Several of the doctors I spoke with think that communities like r/FemaleHairLoss, which encourage rigor and evidence-based treatment options, provide a useful port in the storm of internet health marketing and misinformation. Nonmedical products, the doctors said, are basically all useless for expediting the growth of existing hair—which is not possible in already healthy individuals—or reviving dormant follicles. Dietary supplements themselves can be useful, Senna said, but only for patients whose hair loss is caused by a nutritional deficiency, which is rarely the case for people eating a standard American diet. If you’re not medically deficient, more isn’t better—and it can certainly be worse. Senna mentioned biotin, large doses of which are extremely common in hair-growth supplements. Too much biotin can lead to an incorrect thyroid-disease diagnosis, she said. Thyroid disease can also cause hair loss, so the misdiagnosis can send doctors on a wild-goose chase. The whole problem becomes bigger than if you never took the supplements in the first place.
The myths commonly passed on as facts in some online hair-loss groups are a constant impediment to getting patients on treatment regimens that actually have some chance of helping their hair. “It can be very, very challenging to convince the patient that the diagnosis that she came up with from the internet is not the correct one,” Taylor, the University of Pennsylvania dermatologist, told me. With some types of chronic hair loss, the time that people spend trying things that don’t work is precious—the longer someone goes without effective treatment, the less effective they can expect that treatment to ultimately be.

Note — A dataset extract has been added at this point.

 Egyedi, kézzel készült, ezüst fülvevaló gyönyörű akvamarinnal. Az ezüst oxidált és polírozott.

In the case of TE, hair loss’s timeline is on the side of the wellness industry. Think about how all of this feels to the average person, who has no idea what’s happening to them or why, and who may not even realize that dermatologists treat hair loss—I didn’t. After a couple of months of shedding, they may get worried enough to start looking for remedies as their scalp becomes more visible. They pick up a bottle of hair vitamins and a vial of scalp oil, with the understanding that results will take a few months to see. Down the line, when they spot short little hairs filling back in around their hairline, they’ll attribute that regrowth to the things they bought, not their natural hair-growth cycle. Suddenly, they’re evangelists for their vitamins and oils, which seem like a miracle cure but did nothing at all.

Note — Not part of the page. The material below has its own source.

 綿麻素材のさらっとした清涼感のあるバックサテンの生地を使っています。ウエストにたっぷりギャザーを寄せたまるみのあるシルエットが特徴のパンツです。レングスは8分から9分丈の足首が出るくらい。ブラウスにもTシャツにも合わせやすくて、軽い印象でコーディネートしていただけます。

The pandemic likely put this process into motion thousands—if not millions—of times. It’s a challenge that the supplement and cosmetic industries were well positioned to meet; beauty supplements and topical cosmetics are now often sold alongside each other, not just in luxury department stores and beauty emporiums such as Sephora and Ulta, but at Target or via Amazon’s recommendation algorithm. That these products don’t work matters very little to their profitability. In that way, this is a story that predates the pandemic by at least a century. When real, reliable information is hard to come by—in this case, when it is cut off from the general public by the structural limitations of the American health-care system—there will always be a market for new products with hollow promises.